La grâce du 14 Juillet ne concernera pas les auteurs de violences sexuelles ou racistes
LEMONDE.FR | 12.07.04 | 19h35
Pour la première fois, les personnes lourdement condamnées pour des délits racistes ou pour des actes de violence sexuelle ne bénéficieront pas de la grâce présidentielle. Cette décision intervient peu après l'agression à caractère antisémite survenue vendredi 9 juillet dans le RER D, et dans le contexte des affaires Bodein et Fourniret.

Alors que les prisons connaissent une surpopulation record - 63 652 détenus pour 49 595 places - le gouvernement, qui avait la possiblité d'utiliser les grâces pour les désengorger, a préféré prendre une mesure dont il affirme qu'elle touchera un nombre de détenus sensiblement identique aux autres années. De source gouvernementale, on précise ainsi qu'environ 3 500 personnes pourraient sortir de prison dans les quatre mois par effet du décret de grâce. Le pourcentage des détenus condamnés exclus de la grâce passerait ainsi de 35 % en 2003 à 47 % cette année.

Cette année, pour la première fois, en plus des personnes habituellement exclues par cette mesure, le champs des délits non concernés par la grâce est étendu aux infractions de nature sexuelle s'ils ont donné lieu à une peine d'au moins 7 ans de prison, ainsi qu'aux délinquants condamnés pour des faits de racisme (insultes, profanations).

En revanche, le décret augmente le nombre de jours de remise de peine accordés : quinze jours par mois de détention non encore exécuté, dans la limite de quatre mois de grâce maximum, au lieu de sept jours l'année dernière. Pour les condamnés non encore incarcérés, une remise uniforme de deux mois est accordée.

UN CONTEXTE PARTICULIER

Le choix d'exclure les infractions racistes de la grâce répond à la hausse de ce type de faits, le nombre d'actions antisémites ou xénophobes recensées entre janvier et juin 2004 ayant été plus grand que durant toute l'année 2003. Cette annonce survient après un week-end marqué par une violente agression à caractère antisémite dans un RER de la région parisienne. Hasard du calendrier ? Les modalités du décret de grâce étaient arrêtées depuis plusieurs jours, selon une source gouvernementale, même si la signature du président de la République n'a été effective que lundi 12 juillet.

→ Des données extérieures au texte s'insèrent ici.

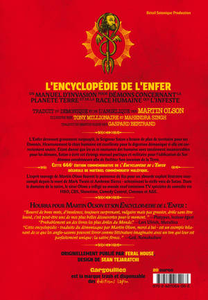 À l'usage des démons de l'Enfer L'Enfer devenant gravement surpeuplé, le Seigneur Satan a besoin de plus de territoire pour ses Damnés. Heureusement, la chair humaine est excellente pour la digestion démonique si elle est correctement sautée. Étant donné que les us et coutumes des humains sont totalement inconcevables pour les démons, Satan a écrit cet étrange manuel poétique et militaire pour l'édification de Ses démons envahisseurs afin de faciliter Son invasion de la Terre. Ce livre inclut de nombreuses illustrations dérangeantes, des diagrammes, des recettes, et un dictionnaire des termes terriens complet quoique tout à fait répugnant. Ce chef d'oeuvre exprime toute la haine de Satan pour l'humanité et pour lui-même et il inclut dans sa partie encyclopédique les techniques pour traquer et manger les humains, les différentes méthodes pour faire des conserves de pus humain et comment découper en tranches ou en dés les orphelins humains

Toutefois cette exclusion devrait toucher un nombre peu important de personnes, très peu de détenus étant actuellement incarcérés pour des infractions à caractère raciste.

En matière de crimes sexuels, les faits divers sanglants impliquant les deux tueurs en série présumés Michel Fourniret et Pierre Bodein a relancé le débat sur le supposé "laxisme" de la justice à l'égard de certains condamnés.

RÉACTIONS ASSOCIATIVES ET SYNDICALES

Le syndicat de la magistrature (SM, gauche) a dénoncé lundi des "exclusions démagogiques". Sa présidente, Aïda Chouk, a déclaré que "ce qui serait mieux c'est que ces personnes sortent de prison en ayant été suivies, ce qui n'est pas le cas aujourd'hui faute de volonté politique". Pointant une mesure "d'affichage", le SM souligne qu'il y a peu de condamnés pour racisme, "puisque ce type d'infraction fait le plus souvent l'objet d'une amende".

De même, le MRAP (Mouvement contre le racisme et pour l'amitié entre les peuples) a pour sa part qualifié cette mesure d'"affichage symbolique aux effets limités", puisque "en général il n'y a pas de condamnation à la prison pour des propos ou des écrits racistes", a souligné Emmanuelle Le Chevallier, présidente de la fédération de Paris.